We are together and each one tells her story. Ana watched a bus stopped because someone had their car blocking its way and opened the window. The explosion threw her underneath another desk and filled her with glasses, she fainted but, Sofia, who had also been hit by glasses, came to her aid, and both were unharmed, other than a small pain resulting from the fall. Ana V. entered the corner where the computers are seconds before the explosion, which meant she saved herself from all debris thrown like bullets. Teresa and Vera had just left, a minute before the explosion and when it happened, they were safe on the next street. Deolinda was in the gym and ran towards the others. They ran to the garden in search of a safe haven. Everybody was alright.
There weren’t any patients in the Office. The one who had just made an exam had just left, the one who had an EEG appointment at 9:30 had canceled, another forgot her consultation. For unexplained reasons, I had canceled that day’s appointments.
I now look back. I was feeling a bit lazy and took longer to get up, and it was those precise seconds that saved me from a rather certain death. We had all escaped by a narrow edge.
This street, where there’s usually a fair amount of traffic was empty, no cars were passing by when the explosion happened. The bus went on his way moments before, taking all its passengers with him.
A neighbor, whose jeep burned, harassed himself for a moment, then looked to his parents’ home completely destroyed an thought: “They went away in vacation just yesterday and are all right. What a relief!”
An elderly grandmother had just gone somewhere with her grandson, took a bit longer than she should have coming back; she was on the corner of the street, away and safe from any danger.
The destruction was monumental, doors, glass and windows had disappeared in three buildings; the fire had ravaged  the street, there were broken glasses in many locations through the surrounding streets.
Many helped us: our neighborhood’s delegate, Dr. André Couto, was flawless, and like him, both his staff, the Police and the civil protection.
I thought how good it was to have a 19th and 20th century house, with such sound foundations, whose structure resisted the impact, and I mentally thanked the Pereira Coutinho family.
Friends called giving comfort and asking “What can I do?” It was good, very good.

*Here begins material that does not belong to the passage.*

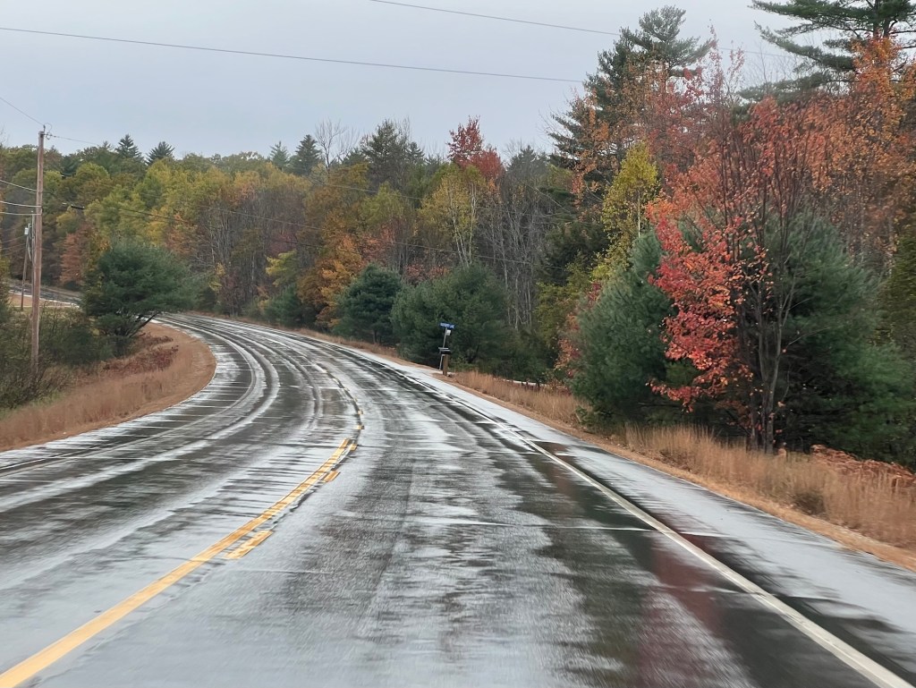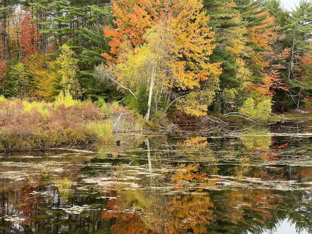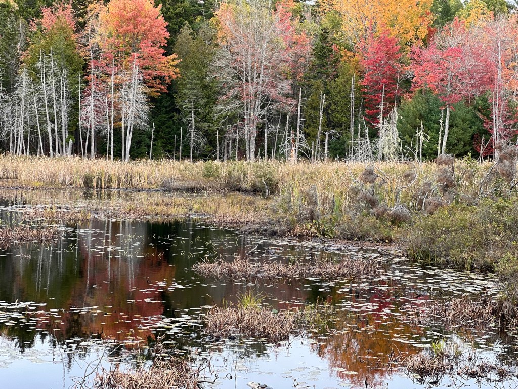 On traverse des paysages de forêts et de marécages. Le foliage (feuillage d’automne) ne semble pas tout à fait au rendez-vous bien que de nombreux arbres soient déjà bien dépouillés. Comme si une étape manquait. L’été chaud, trop chaud peut-être aurait-il eu raison de leur parure, ou est-ce déjà terminé ? Étonnant.

I called my daughter and my son-in-law. “It was bad…” They rushed over to give an enormous help and an invaluable support.
But we were alright, protected by forces bigger than ourselves and that, one by one, took care of us. Without a single injury in a sea of debris.
The guardian angels had protected the Practice and had taken care of us.
A deep appreciation; a deeper gratitude, because as we pray in the “Our Father”, “we had been delivered from Evil”.
When I am told “What bad luck!” I think, “No, we were very lucky!”
And this is how, together, we are putting things back up, as a strong and united team.
And today, now that the worse is behind us, I feel the guardian angel’s protection hovering over this house and quietly go to sleep.